Seqanswers Leaderboard Ad

Collapse

Announcement

Collapse
No announcement yet.
X
 
  • Filter
  • Time
  • Show
Clear All
new posts

  • how to identify blast hits with only 1 HSP (not limit the number of HSP)

    Hi,

    Is there a way to identify blast hits where there was only one HSP to the database?

    i.e. I don't want to limit the number of HSP's displayed, but I want to identify all queries which only had one HSP to the database to begin with in the blast result.

    Maybe there is an accessory script somewhere that parses a blast report and identify the queries with this property?

    thanks

  • #2
    If I understand what your after correctly then I do the same using this..

    cat BlastOutputFile | grep -B 3 -A 1 "# 1 hits found"

    When BlastOutputFile is in outformat 7. Obviously if your using Xml output or any other format it'll be different.

    Comment


    • #3
      Originally posted by whataBamBam View Post
      If I understand what your after correctly then I do the same using this..

      cat BlastOutputFile | grep -B 3 -A 1 "# 1 hits found"

      When BlastOutputFile is in outformat 7. Obviously if your using Xml output or any other format it'll be different.
      Thanks bambam, but that's not what I'm after.

      Yes that will pull out those with 1 match, but what I'm after is those that have only have one alignment 'section' (i.e. high-scoring segment pair).

      e.g. an isoform could match to only one target in the database, but half of it could be aligning to to the 5' end, then a gap, then the other half the 3' end of the target.

      I'm after hits which aligns without any interruptions, i.e. only 1 HSP. Blastn options don't seem to do what I want (e.g. -ungapped, -culling_limit, -max_hsps_per_subject just mask the information).

      Comment


      • #4
        Originally posted by Kennels View Post

        I'm after hits which aligns without any interruptions, i.e. only 1 HSP. Blastn options don't seem to do what I want (e.g. -ungapped, -culling_limit, -max_hsps_per_subject just mask the information).
        So you mean you want to parse for full-length hsp?

        Comment


        • #5
          Yes and no.
          Also looking for partial alignment, but only those with single hsp.

          Comment


          • #6
            I usually use BioPerl for something like this. The following will get you close (the formatting of the output blast file generated by Bio::SearchIO::Writer::TextResultWriter is slightly different, but basically the same).

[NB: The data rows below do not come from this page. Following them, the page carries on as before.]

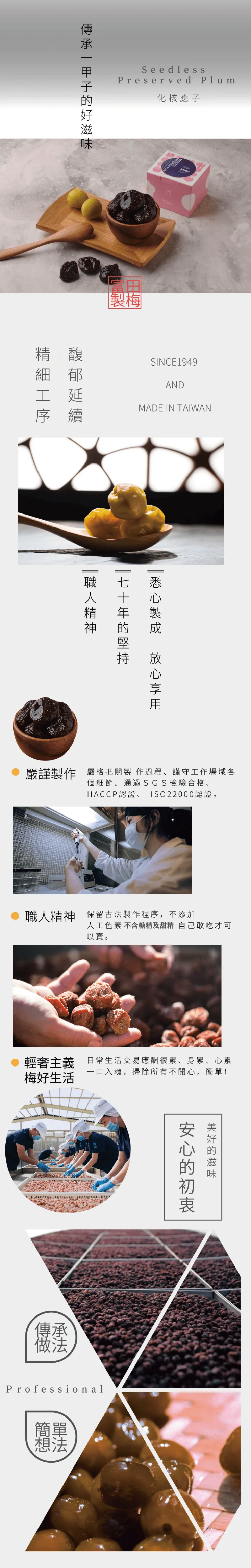 富田經典系列「化核應子」-嚴選台灣的紅肉李經由富田傳統工藝釀製,古法浸泡60天以上的濃醇滋味,獨家改良無添加色素的化核應子,有著傳承一甲子的好滋味。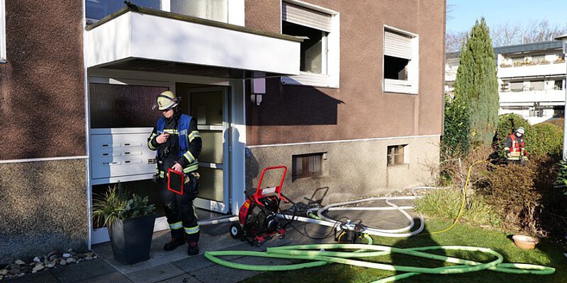 Bei Eintreffen der Feuerwehr konnte zunächst nur das Piepen des Rauchmelders wahrgenommen werden. Durch eine Erkundung auf der Gebäuderückseite wurde Rauch in der Wohnung festgestellt.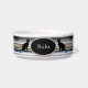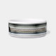 Witte kat-kat-voedselkom heeft twee kat-afbeeldingen aan beide zijden van de zwarte naam-plaathouder. De achtergrond heeft een wanhopig mist effect voor een mysterieus uiterlijk. Er is een kleurenband aan elke kant, die een criss-dwars ontwerp door het heeft. Een heel coole blik in een gepersonaliseerde kattenkom. Ontworpen door: HAMbyWhiteGlove.
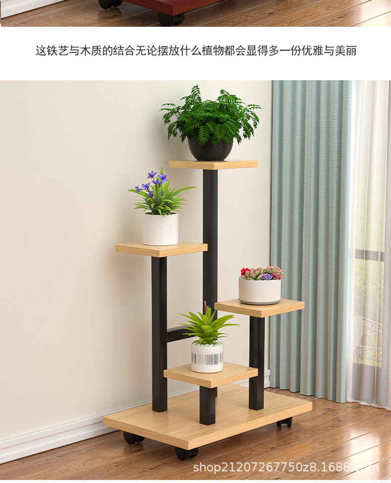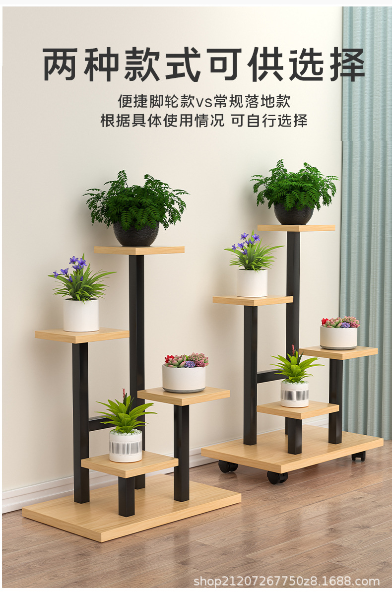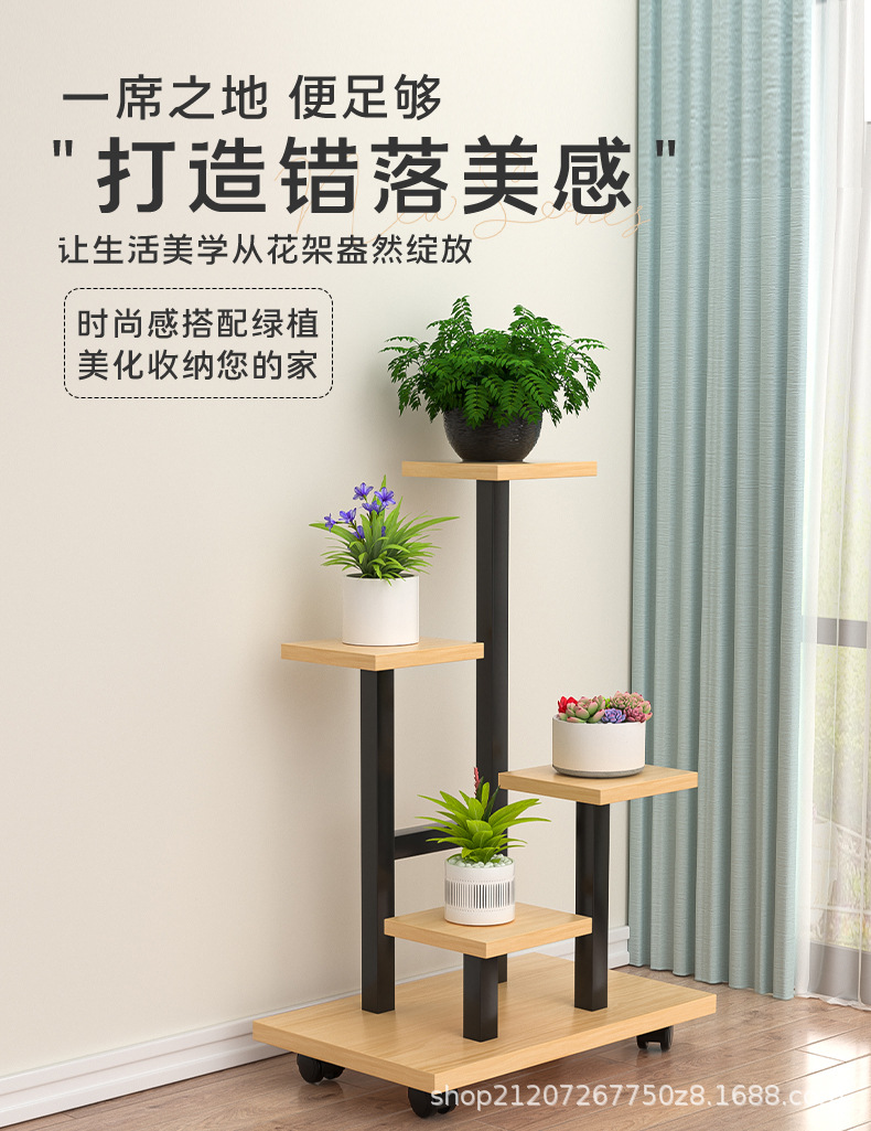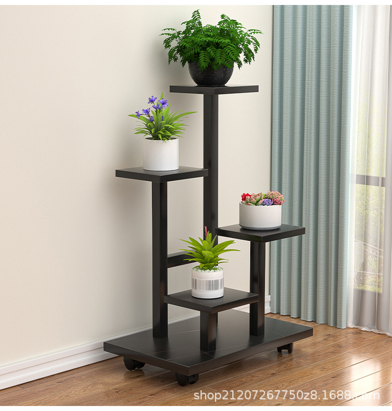 铁艺花架子带轮可移动新款家用客厅阳台落地花盆架多层养花置物架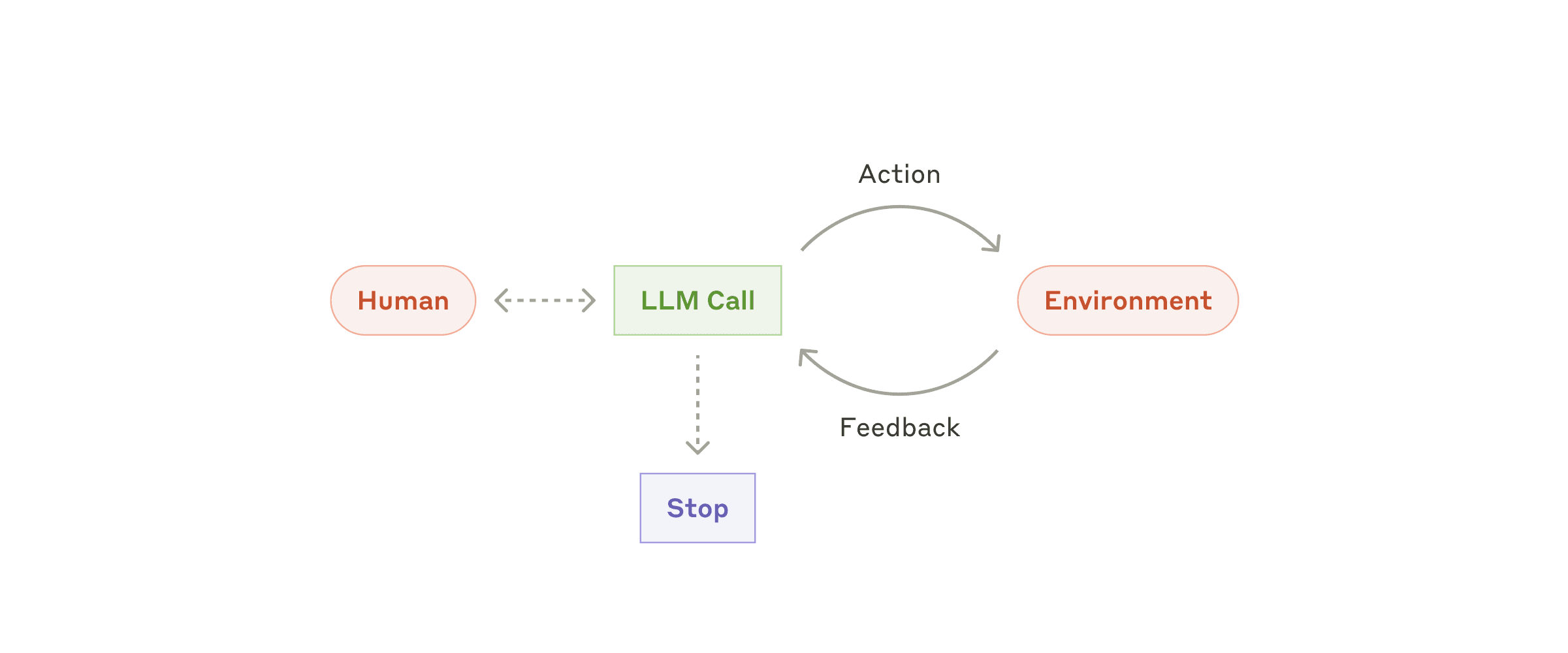 智能体开始工作时,会接收人类用户的指令或与其进行交互讨论。一旦任务明确,智能体便独立进行规划和操作,并可能在需要时返回人类处寻求更多信息或判断。在执行过程中,智能体在每个步骤都从环境中获取“真实反馈”(ground truth)(例如工具调用结果或代码执行结果)以评估其进展。智能体可以在检查点(checkpoints) 或遇到阻碍(blockers) 时暂停,等待人类反馈。任务通常在完成后终止,但也常会设置停止条件(stopping conditions)(例如最大迭代次数)以保持控制。

            Usage would be:
            perl script.pl --blast inputBlastFile.txt --out reducedBlastFile.txt

            Code:
            #!/usr/bin/perl
            
            use strict;
            use warnings;
            use Getopt::Long;
            use Bio::SearchIO;
            use Bio::SearchIO::Writer::TextResultWriter;
            
            my $blastFile;
            my $outFile;
            
            GetOptions("blast=s" => \$blastFile,
                       "out=s"   => \$outFile) || die "Couldn't get options with GetOpt::Long.\n";
            
            my $blastIO = Bio::SearchIO->new(-file => $blastFile,
                                             -format => 'blast'); #you might need to change this
            
            my $searchIOWriter = Bio::SearchIO::Writer::TextResultWriter->new();
            my $out = Bio::SearchIO->new(-writer => $searchIOWriter,
                                         -file => '>outtest.txt');
            
            while (my $result = $blastIO->next_result) {
                if ($result->num_hits() == 1) {
                    my $hit = $result->next_hit();
                    if ($hit->num_hsps() == 1) {
                        print "A single HSP for a single hit found for " . $result->query_name() . "\n";
                        $out->write_result($result);
                    }
                }
            }

            Comment


            • #7
              Thanks I'll give it a try.

              Comment


              • #8
                if you used the XML output of blast, you could use the following XSLT stylesheet:

                Code:
                <?xml version='1.0'  encoding="ISO-8859-1"?>
                <xsl:stylesheet xmlns:xsl='http://www.w3.org/1999/XSL/Transform' version='1.0' >
                <xsl:output method="text"/>
                <xsl:template match="/">
                <xsl:apply-templates select="BlastOutput/BlastOutput_iterations/Iteration/Iteration_hits/Hit"/>
                </xsl:template>
                <xsl:template match="Hit">
                <xsl:if test="count(Hit_hsps/Hsp) = 1">
                <xsl:value-of select="Hit_id"/><xsl:text>	</xsl:text>
                <xsl:value-of select="Hit_def"/><xsl:text>	</xsl:text>
                <xsl:value-of select="Hit_accession"/><xsl:text>
                </xsl:text>
                </xsl:if>
                </xsl:template>
                </xsl:stylesheet>
                usage:

                Code:
                $ xsltproc --novalid  stylesheet.xsl  blast.xml

                Comment


                • #9
                  Originally posted by Kennels View Post
                  Thanks bambam, but that's not what I'm after.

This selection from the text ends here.